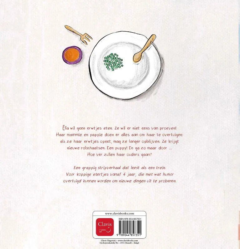Ella wil geen erwtjes eten. Ze wil er niet eens van proeven! Haar mammie en pappie doen er alles aan om haar te overtuigen: als ze haar erwtjes opeet, mag ze langer opblijven. Ze krijgt nieuwe rolschaatsen. Een puppy! En ga zo maar door … Hoe ver zullen haar ouders gaan?Een grappig stripverhaal dat leest als een trein. Voor koppige etertjes vanaf 4 jaar, die met wat humor overtuigd kunnen worden om nieuwe dingen uit te proberen.
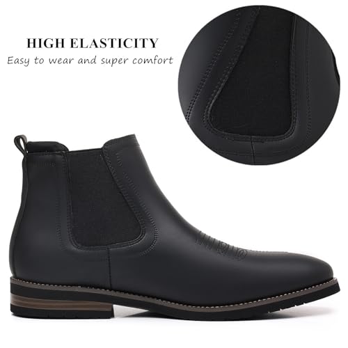 Fabric type: Synthetic leatherSole material: RubberShaft height: AnkleOuter material: Faux Leather【Classic Western Style】: DADAWEN square toe cowboy boots for men combines the timeless charm of cowboy boots with the refined and fashionable design of chelsea boots. It sets you apart in the fashion scene and adds a unique touch to your stylish outfits【Slip-On Convenience】: The flexible structure of the shoes allows you to move freely and comfortably. The finely stitched elastic side panels, crafted by skilled artisans, ensure long-lasting elasticity without deformation. The ankle-high design of these men boots allows for easy on and off while maintaining flexibility.【Comfort Interior Lining】: Superior men's boots designed for weekdays to weekends featuring a fully lined supple breathable interior, These men's boots are equipped with a latex insole,providing excellent cushioning and a perfect fit.【Non-slip & Sturdy Outsoles】: Durable TPR outsole delivers superior slip resistance with lightweight stability. Lightweight yet sturdy construction balances stability and comfort for gardening, farm chores, or weekend adventures.【Versatile for Any Occasion】: These chelsea boots boast a classic design that effortlessly complements formal or casual attire,exuding an elegant and stylish look. Whether it's a wedding, office, party, gardens, workshops, factories, country music festivals, markets, or festivals, their elegant appearance and refined temperament will make you stand out in various occasions. Perfect for everyday use. superior materials and excellent craftsmanship ensure long-lasting durability.
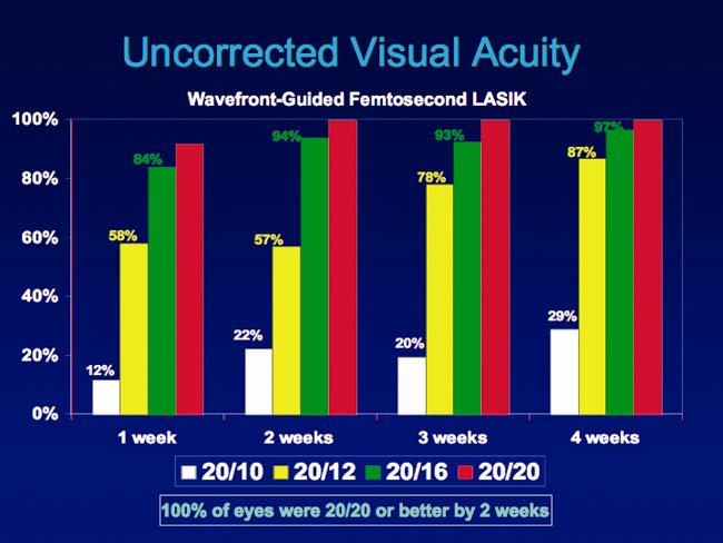 With wavefront-guided femtosecond LASIK, all eyes in this study were 20/20 or better by 2 weeks post-op.
● ● ● ● ●
### Work instruction
Every line of the data above should be quoted exactly. Omit the pictures.

### Reply to the task
Ella wil geen erwtjes eten. Ze wil er niet eens van proeven! Haar mammie en pappie doen er alles aan om haar te overtuigen: als ze haar erwtjes opeet, mag ze langer opblijven. Ze krijgt nieuwe rolschaatsen. Een puppy! En ga zo maar door … Hoe ver zullen haar ouders gaan?Een grappig stripverhaal dat leest als een trein. Voor koppige etertjes vanaf 4 jaar, die met wat humor overtuigd kunnen worden om nieuwe dingen uit te proberen.
 Fabric type: Synthetic leatherSole material: RubberShaft height: AnkleOuter material: Faux Leather【Classic Western Style】: DADAWEN square toe cowboy boots for men combines the timeless charm of cowboy boots with the refined and fashionable design of chelsea boots. It sets you apart in the fashion scene and adds a unique touch to your stylish outfits【Slip-On Convenience】: The flexible structure of the shoes allows you to move freely and comfortably. The finely stitched elastic side panels, crafted by skilled artisans, ensure long-lasting elasticity without deformation. The ankle-high design of these men boots allows for easy on and off while maintaining flexibility.【Comfort Interior Lining】: Superior men's boots designed for weekdays to weekends featuring a fully lined supple breathable interior, These men's boots are equipped with a latex insole,providing excellent cushioning and a perfect fit.【Non-slip & Sturdy Outsoles】: Durable TPR outsole delivers superior slip resistance with lightweight stability. Lightweight yet sturdy construction balances stability and comfort for gardening, farm chores, or weekend adventures.【Versatile for Any Occasion】: These chelsea boots boast a classic design that effortlessly complements formal or casual attire,exuding an elegant and stylish look. Whether it's a wedding, office, party, gardens, workshops, factories, country music festivals, markets, or festivals, their elegant appearance and refined temperament will make you stand out in various occasions. Perfect for everyday use. superior materials and excellent craftsmanship ensure long-lasting durability.
 With wavefront-guided femtosecond LASIK, all eyes in this study were 20/20 or better by 2 weeks post-op.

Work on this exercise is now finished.